As part of the same process of reforming the financial system, Final Disposition number 4 (Disposición Final 4ª) authorizes the government to issue in one year new rewritten texts in the form of royal decrees (textos refundidos) of relevant existing laws, among them Law 24/1988, of July 28, on Financial Markets.
Referring to this specific law 24/1988, the new legislation proposes changes in the domain of corporate governance. These changes are to be implemented against a backdrop of Spain's long-awaited Corporation Code (Código de Sociedades) which has been under discussion for more than eight years and the work of the Aldama Commission on Corporate Governance.
Meanwhile, the new law has initiated reforms to protect investors (mainly small investors).
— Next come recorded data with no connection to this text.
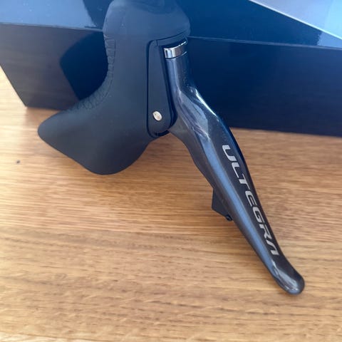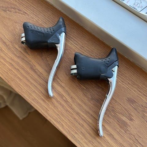 Shimano Ultegra 600 SLR bremsegreb til racercykel i sort/grå. Sættet består af et højre og et venstre bremsegreb med integreret grebskappe i struktureret gummi for bedre greb. Til kabelføring indvendigt i styret. Meget lidt brugt (fremstår tilnærmelsesvis ubrugt).
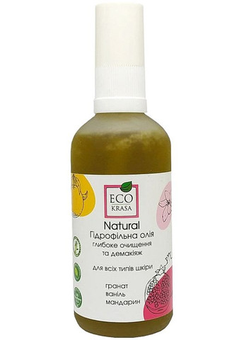 Созданная для деликатного демакияжа и глубокой очистки гидрофильное масло от бренда Eco Krasa содержит высокую концентрацию натуральных ингредиентов, что обеспечивает коже дополнительный уход. Она не нарушает оптимальный гидролипидный баланс эпидермиса, сохраняет здоровый микробиом и не оставляет дискомфортного ощущения стянутости. Особенности гидрофильного масла «Глубокая очистка и демакияж» от бренда Eco Krasa: - деликатно расщепляет даже стойкие средства декоративной косметики; - эффективно устраняет из кожи загрязнения, себум, пот, омертвевшие дольки и бактерии; граната оказывает антиоксидантное действие и обладает укрепляющими свойствами; - экстракт ванили успокаивает раздражение и снимает воспаление; - эфирное масло мандарина освежает, тонизирует и сужает расширенные поры.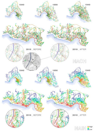 Figure 6 shows some variations in the global distribution of NACH, meaning that the impact of the disaster was higher on the through-movement pattern, due to the loss of an important link of the network’s foreground structure.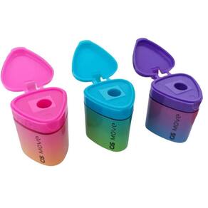 O apontador Move possui reservatório com tampa decorada, impedindo a saída de resíduos no estojo, além disso possui uma lâmina resistente, deixando ainda mais fácil de apontar;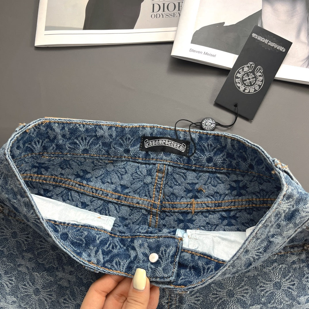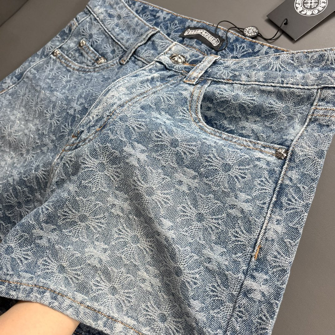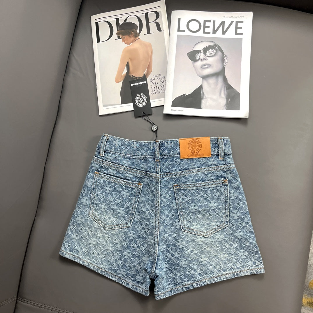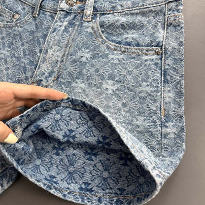 Old fashioned cross jacquard denim shorts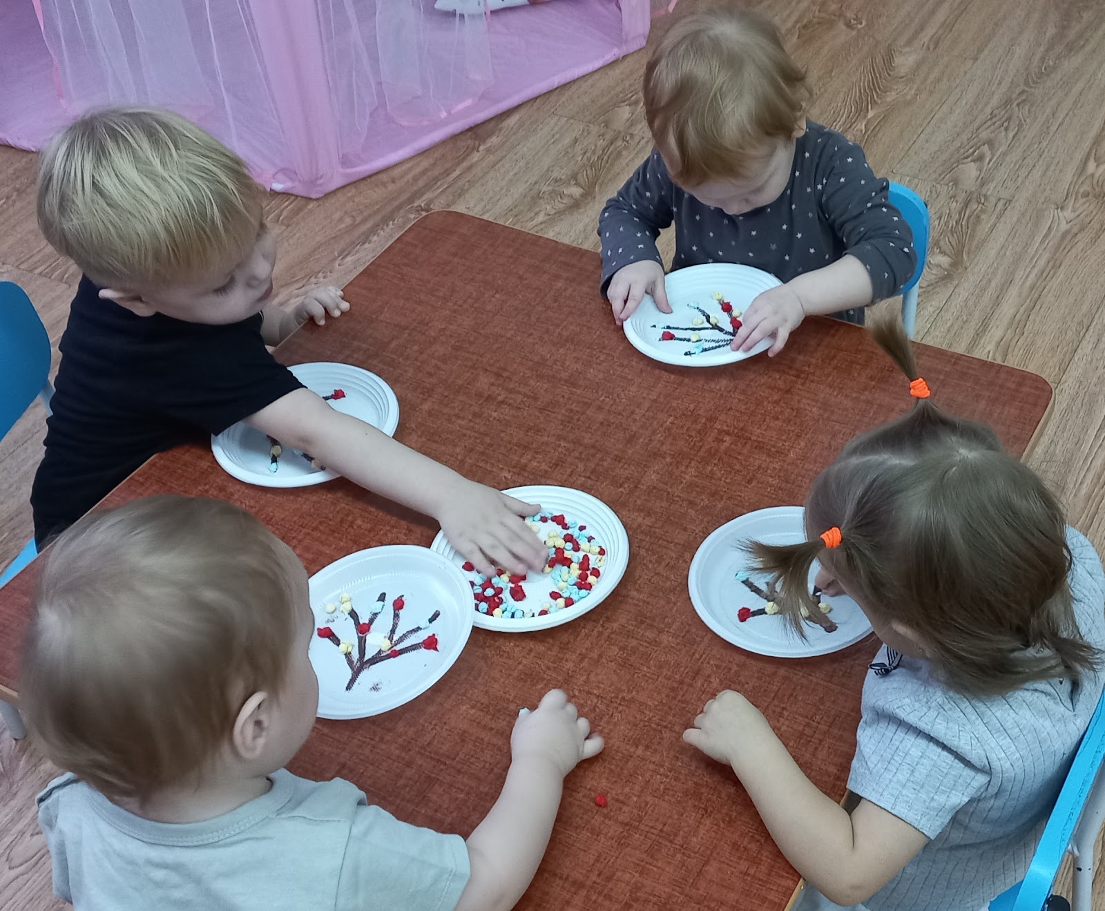опускать в краску кончик пальца и ставить отпечатки на листе бумаги. Прививали

First, the new law creates three new protective institutions:
- the commissioner for the defence of the client of financial services;
- the commissioner for the defence of the investor; and
- the commissioner for the defence of the insured and of the participant in pension funds.
Their mission is to protect users of financial services when those services fall within the respective orbit of competence of the CNMV (the stock market regulator), the Bank of Spain and the General Directorate of Insurance and Pension Funds.
Other changes include the following:
Related transactions between companies and their related parties (article 37 of the new law, which adds a new paragraph to article 35 of Law24/1988): transactions must be reflected in the half-year financial information that any company issuing negotiable securities in secondary markets must produce for the CNMV.
Privileged information: the new law includes improved drafting, with a more systematic legal approach (article 38, which modifies in its paragraphs 1, 2 and 3, articles 79, 80 and 81 of Law 24/1988).
Relevant information: covered in paragraph 4 of article 38 of the new law, which changes article 82 of Law 24/1988 and provides for a specific definition of the concept. It says the concept applies to any information that might reasonably affect an investor buying or trading securities or other financial instruments, and hence information that might have an appreciable influence on prices in the secondary market. The new drafting requires that any relevant information be previously notified to CNMV, as soon as the relevant fact is known, or when the relevant decision is taken, or when the agreement or the contract is signed. Such communication must be true, clear, complete, and when applicable, duly quantified.
Chinese walls: these are treated in a much more detailed way than in previous legislation. The work of individuals involved in the issuance of securities during the study and negotiation phases of such issuance is regulated for the first time (paragraphs 5 and 6 of article 35, which add new drafting to article 83 and add a new article 83 bis to Law 24/1989).
Manipulation of the price of securities: this is also addressed by the new law, which in article 39 sets up a new article 83ter for Law 24/1988, defining in three different paragraphs conduct considered to be manipulative.
Audit committees: these must be set up by all companies with publicly-traded shares or securities, with broad powers established in article 47 of the new legislation, which provides for a new Additional Disposition number 18 to be included in Law 24/1988.
A stricter regime for auditors: this reflects some of the measures taken by the US SEC, for example article 51 says auditors must be independent professionals.
The new regulation is patchy and hasty, but it is also a well intended treatment of problems that have stricken western financial markets.